**Your goal:**
Reproduce all the entries exactly.

Items from a dataset
*-*-*
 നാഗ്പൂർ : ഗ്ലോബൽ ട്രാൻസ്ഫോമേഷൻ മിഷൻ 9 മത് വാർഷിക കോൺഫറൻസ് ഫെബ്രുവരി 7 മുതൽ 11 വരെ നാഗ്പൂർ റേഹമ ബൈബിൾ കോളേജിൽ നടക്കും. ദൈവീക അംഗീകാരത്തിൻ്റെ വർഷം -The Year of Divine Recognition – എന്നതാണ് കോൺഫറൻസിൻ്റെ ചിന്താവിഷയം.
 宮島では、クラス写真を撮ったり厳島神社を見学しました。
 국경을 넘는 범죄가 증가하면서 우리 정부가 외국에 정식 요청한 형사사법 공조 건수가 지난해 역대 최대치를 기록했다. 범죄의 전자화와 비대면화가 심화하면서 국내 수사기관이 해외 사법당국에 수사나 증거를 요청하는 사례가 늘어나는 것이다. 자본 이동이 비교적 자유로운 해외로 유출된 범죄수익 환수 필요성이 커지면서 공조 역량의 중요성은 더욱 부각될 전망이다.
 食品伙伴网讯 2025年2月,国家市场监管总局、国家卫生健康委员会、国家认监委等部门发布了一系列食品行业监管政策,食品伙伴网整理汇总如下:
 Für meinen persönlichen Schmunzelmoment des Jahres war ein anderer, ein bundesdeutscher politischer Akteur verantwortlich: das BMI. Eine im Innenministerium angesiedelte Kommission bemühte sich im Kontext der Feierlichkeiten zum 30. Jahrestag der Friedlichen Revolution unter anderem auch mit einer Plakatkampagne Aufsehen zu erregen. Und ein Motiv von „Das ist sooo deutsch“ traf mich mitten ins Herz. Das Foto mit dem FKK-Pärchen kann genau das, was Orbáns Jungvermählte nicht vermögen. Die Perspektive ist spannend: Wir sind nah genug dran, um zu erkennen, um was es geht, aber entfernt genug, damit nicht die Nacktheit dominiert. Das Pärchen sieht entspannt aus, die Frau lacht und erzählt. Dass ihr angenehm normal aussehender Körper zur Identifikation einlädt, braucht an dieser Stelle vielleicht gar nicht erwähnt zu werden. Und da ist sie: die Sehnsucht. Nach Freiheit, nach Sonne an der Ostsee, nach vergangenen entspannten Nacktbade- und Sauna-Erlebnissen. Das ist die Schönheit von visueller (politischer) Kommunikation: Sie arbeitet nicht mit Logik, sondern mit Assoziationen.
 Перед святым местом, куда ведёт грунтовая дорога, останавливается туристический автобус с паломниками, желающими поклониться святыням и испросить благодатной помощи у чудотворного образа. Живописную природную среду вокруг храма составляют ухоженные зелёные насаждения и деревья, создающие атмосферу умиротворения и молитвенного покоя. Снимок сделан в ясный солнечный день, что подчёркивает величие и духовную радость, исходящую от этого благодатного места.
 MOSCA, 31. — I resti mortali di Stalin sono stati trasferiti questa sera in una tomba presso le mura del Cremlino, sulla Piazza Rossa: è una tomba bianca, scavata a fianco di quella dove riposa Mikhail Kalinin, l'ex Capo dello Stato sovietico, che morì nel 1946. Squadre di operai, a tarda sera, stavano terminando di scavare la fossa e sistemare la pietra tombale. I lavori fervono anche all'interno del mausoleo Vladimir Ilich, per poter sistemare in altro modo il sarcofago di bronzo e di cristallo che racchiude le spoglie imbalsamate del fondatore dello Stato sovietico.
*-*-*
**Response to the exercise:**
 നാഗ്പൂർ : ഗ്ലോബൽ ട്രാൻസ്ഫോമേഷൻ മിഷൻ 9 മത് വാർഷിക കോൺഫറൻസ് ഫെബ്രുവരി 7 മുതൽ 11 വരെ നാഗ്പൂർ റേഹമ ബൈബിൾ കോളേജിൽ നടക്കും. ദൈവീക അംഗീകാരത്തിൻ്റെ വർഷം -The Year of Divine Recognition – എന്നതാണ് കോൺഫറൻസിൻ്റെ ചിന്താവിഷയം.
 宮島では、クラス写真を撮ったり厳島神社を見学しました。
 국경을 넘는 범죄가 증가하면서 우리 정부가 외국에 정식 요청한 형사사법 공조 건수가 지난해 역대 최대치를 기록했다. 범죄의 전자화와 비대면화가 심화하면서 국내 수사기관이 해외 사법당국에 수사나 증거를 요청하는 사례가 늘어나는 것이다. 자본 이동이 비교적 자유로운 해외로 유출된 범죄수익 환수 필요성이 커지면서 공조 역량의 중요성은 더욱 부각될 전망이다.
 食品伙伴网讯 2025年2月,国家市场监管总局、国家卫生健康委员会、国家认监委等部门发布了一系列食品行业监管政策,食品伙伴网整理汇总如下:
 Für meinen persönlichen Schmunzelmoment des Jahres war ein anderer, ein bundesdeutscher politischer Akteur verantwortlich: das BMI. Eine im Innenministerium angesiedelte Kommission bemühte sich im Kontext der Feierlichkeiten zum 30. Jahrestag der Friedlichen Revolution unter anderem auch mit einer Plakatkampagne Aufsehen zu erregen. Und ein Motiv von „Das ist sooo deutsch“ traf mich mitten ins Herz. Das Foto mit dem FKK-Pärchen kann genau das, was Orbáns Jungvermählte nicht vermögen. Die Perspektive ist spannend: Wir sind nah genug dran, um zu erkennen, um was es geht, aber entfernt genug, damit nicht die Nacktheit dominiert. Das Pärchen sieht entspannt aus, die Frau lacht und erzählt. Dass ihr angenehm normal aussehender Körper zur Identifikation einlädt, braucht an dieser Stelle vielleicht gar nicht erwähnt zu werden. Und da ist sie: die Sehnsucht. Nach Freiheit, nach Sonne an der Ostsee, nach vergangenen entspannten Nacktbade- und Sauna-Erlebnissen. Das ist die Schönheit von visueller (politischer) Kommunikation: Sie arbeitet nicht mit Logik, sondern mit Assoziationen.
 Перед святым местом, куда ведёт грунтовая дорога, останавливается туристический автобус с паломниками, желающими поклониться святыням и испросить благодатной помощи у чудотворного образа. Живописную природную среду вокруг храма составляют ухоженные зелёные насаждения и деревья, создающие атмосферу умиротворения и молитвенного покоя. Снимок сделан в ясный солнечный день, что подчёркивает величие и духовную радость, исходящую от этого благодатного места.
 MOSCA, 31. — I resti mortali di Stalin sono stati trasferiti questa sera in una tomba presso le mura del Cremlino, sulla Piazza Rossa: è una tomba bianca, scavata a fianco di quella dove riposa Mikhail Kalinin, l'ex Capo dello Stato sovietico, che morì nel 1946. Squadre di operai, a tarda sera, stavano terminando di scavare la fossa e sistemare la pietra tombale. I lavori fervono anche all'interno del mausoleo Vladimir Ilich, per poter sistemare in altro modo il sarcofago di bronzo e di cristallo che racchiude le spoglie imbalsamate del fondatore dello Stato sovietico.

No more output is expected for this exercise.